> _Information shown_:

------------------------

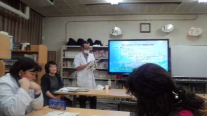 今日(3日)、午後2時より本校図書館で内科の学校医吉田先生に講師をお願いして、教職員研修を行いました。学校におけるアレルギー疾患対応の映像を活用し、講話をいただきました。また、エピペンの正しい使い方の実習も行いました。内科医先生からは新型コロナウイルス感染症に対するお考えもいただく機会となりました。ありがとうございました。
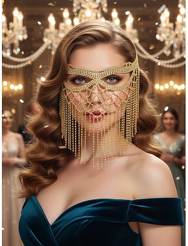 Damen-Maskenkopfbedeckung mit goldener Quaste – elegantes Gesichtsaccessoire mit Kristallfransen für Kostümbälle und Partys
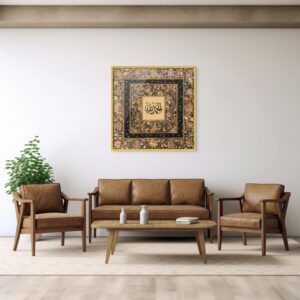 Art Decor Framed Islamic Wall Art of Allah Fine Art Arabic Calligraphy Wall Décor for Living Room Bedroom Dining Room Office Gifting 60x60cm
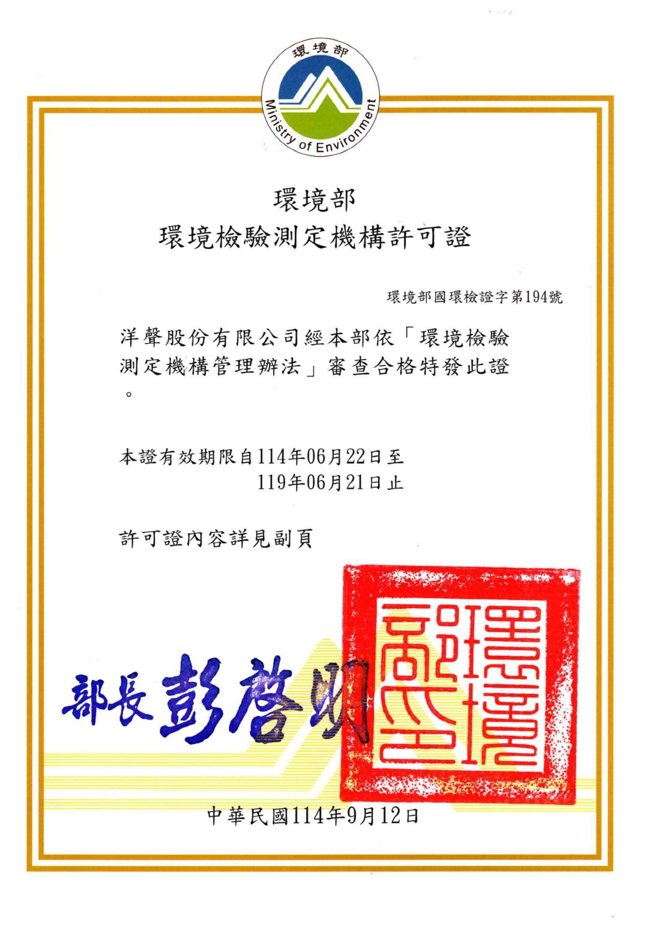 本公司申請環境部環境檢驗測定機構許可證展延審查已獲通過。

------------------------

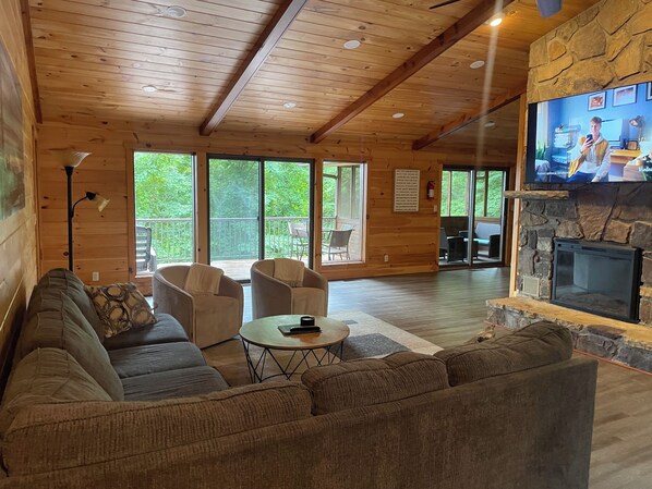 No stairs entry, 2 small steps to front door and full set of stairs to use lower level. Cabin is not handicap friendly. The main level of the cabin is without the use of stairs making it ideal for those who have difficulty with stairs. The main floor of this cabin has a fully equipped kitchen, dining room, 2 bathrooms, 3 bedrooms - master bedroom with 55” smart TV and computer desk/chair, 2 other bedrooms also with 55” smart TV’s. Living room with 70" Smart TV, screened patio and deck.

------------------------

> _Your goal_:
Please output the lines above beginning at the line with "今日(3日)、午後2時より本" and ending after the line with "本公司申請環境部環境檢驗測定機構許可證展延審查已獲通過。", precisely as written and with no pictures.

> _Task response_:
 今日(3日)、午後2時より本校図書館で内科の学校医吉田先生に講師をお願いして、教職員研修を行いました。学校におけるアレルギー疾患対応の映像を活用し、講話をいただきました。また、エピペンの正しい使い方の実習も行いました。内科医先生からは新型コロナウイルス感染症に対するお考えもいただく機会となりました。ありがとうございました。
 Damen-Maskenkopfbedeckung mit goldener Quaste – elegantes Gesichtsaccessoire mit Kristallfransen für Kostümbälle und Partys
 Art Decor Framed Islamic Wall Art of Allah Fine Art Arabic Calligraphy Wall Décor for Living Room Bedroom Dining Room Office Gifting 60x60cm
 本公司申請環境部環境檢驗測定機構許可證展延審查已獲通過。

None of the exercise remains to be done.